Friday, September 04, 2009

Basil: The Return

To the best of my knowledge Basil is still lost. Someone pointed out yesterday that taking ads for all these people and never knowing if they found their cat/sold their car/found their discreet gentleman for casual fun would eventually drive me mad - that I'd need to know the answers to the stories. Bollocks to that! I will just make them up.

In fact, as I write, Basil is fighting valiantly to escape the claws of a gang of feral cats who found him sunning himself by his front gate and lured him away from home with promises of wild women lady cats is there even a word for this? queens and trained tuna which would leap into his mouth. Now Basil has been drawn deep into the dark underworld of Belfast! Can Basil's long-dormant survival instincts awake in time to save him and Puss, the beautiful, catnip-raddled young tabby desperate to make a new start?

Yes. Yes they can. You go, Basil! We are rooting for you! Nothing else exciting is happening at work except that today I made a really sexy-lookin' ad for a real estate agent (not the one whose ad started with "Look What I've Found!") even though real estate agents, with their bad spelling and poor grammar and inability to remember their account number or fax their ad through more than an hour before deadline, crease me.*

Anyway, have decided that I probably won't get bear tattoo on my bum because what if I farted during the procedure? I'm pretty sure that at some point I would. Imagine the needle driving into your sensitive bottom, which clenches...and then all of a sudden you're in an incredibly awkward social situation. Especially if it was a silent but immensely potent one - how would you even begin to apologise for that? "Sorry about that fart which I didn't apologise for earlier because I thought I might get away with it." It would be kind of OK if you did a really loud "FRRRT POP POP POP POOT**" because you could laugh in a startled fashion, but still, there would be the inescapable fact that you just farted right into someone's face. So the bear tattoo is probably going to be on the inside of my left wrist, and if I fart during the procedure oh well, at least the tattoo artist won't be able to feel the wind rushing across their arm.

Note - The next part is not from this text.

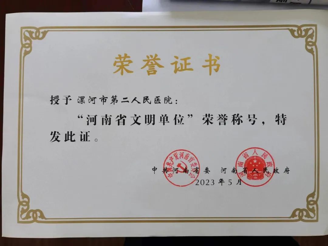 9月,中共河南省委、河南省人民政府發(fā)布《關(guān)于命名新一屆河南省文明城市文明村鎮(zhèn)文明單位文明家庭的決定》(豫文〔2023〕50號),市二院再次榮獲新一屆“河南省文明單位”榮譽稱號。

Have just remembered that my older sister has a tattoo on her bottom - I wonder if she farted? And if she did, was it awkward? Must bring this up at a family gathering.

*'crease me' is a phrase I'm trying to revive. Imagine you are a piece of paper that is all nice and smooth, and then all of a sudden something comes along and bam! you're creased. It's used to describe something which is frustrating or annoying, as in "David Letterman really creases me," or "Man! This shitty coffee is creasing me!" or "You crease me." It sounds pretty stupid, really. But I like saying it.

**I don't get to write fart noises very often so I wrote all the ones I know


Holly said...

Poor Basil! I feel sorry for lost cats! :(

LMFAO at the tattoo and the farting. That would indeed be very unpleasant!

You have an older sister? I did not know that! :)

Kaileigh said...

LOL, with my luck it would be a popping fart too.... and if it was a silent one I'd sadly try to play it off like an idiot, like I usually do with my husband. (Or now that I have my dog... I can blame it on her too.... but... not at the tattoo place...nvm)

I was thinking of getting one on my butt too... mostly because I'm going to be a teacher whenever I grow up, and all the visible places for tattoos are out (conservative area).

Madame DeFarge said...

I always used to worry about giving birth as I thought they pushed on your stomach. I thought that would make me fart and then what would happen to the baby. I got over it when I was about 30 or so.

Baglady said...

Heh heh hehehe heheh heh heheh heh heheh

Fart jokes. Hehe he hehe heh.

By the way MdF, hav you had a baby? I think you're too young for that. But anyway, I think people (namely women) regularly pooh themselves during labour. As if it's not undignified enough having half a dozen people staring up your cho chah.

Gary said...

Disappointed about the tattoo but the non evil side of me thinks it is the right decision.

But I am impressed that your fart joke had so many leading posts to get to the punch line. :). How tempting it was to succumb to the excitement and anticipation of the Bare Rear Bear tattoo.

In other news.

I don’t think Basil is lost, I think Basil was oppressed and decided to make a break for it.

I picture him much happier now, frolicking amongst the native fauna and flora.

And by frolicking I mean consuming.

The Archduchess said...

You are awesome, you know that? I should be doing work but instead I am being distracted WHY WHY OH WHY.
Anyway, I appear to have found a new way to procrastinate in the form of your blog.

IT IS ALLY said...

Holly - I have two!

Kaileigh - what are you planning to get a tattoo of?

MdF - Hopefully the baby is too young to remember anything, and never has hypnotherapy as an adult. "My mother! She shat on me! All those years ago!"

Baglady - Tee hee hee hee. Fart fart.

Gary - thank you! Consuming is the best kind of frolicking.

Archduchess - Thank you! I'm glad the blog is a procrastination tool, they're great like that. There are many many archives. You may never work (in this town) again.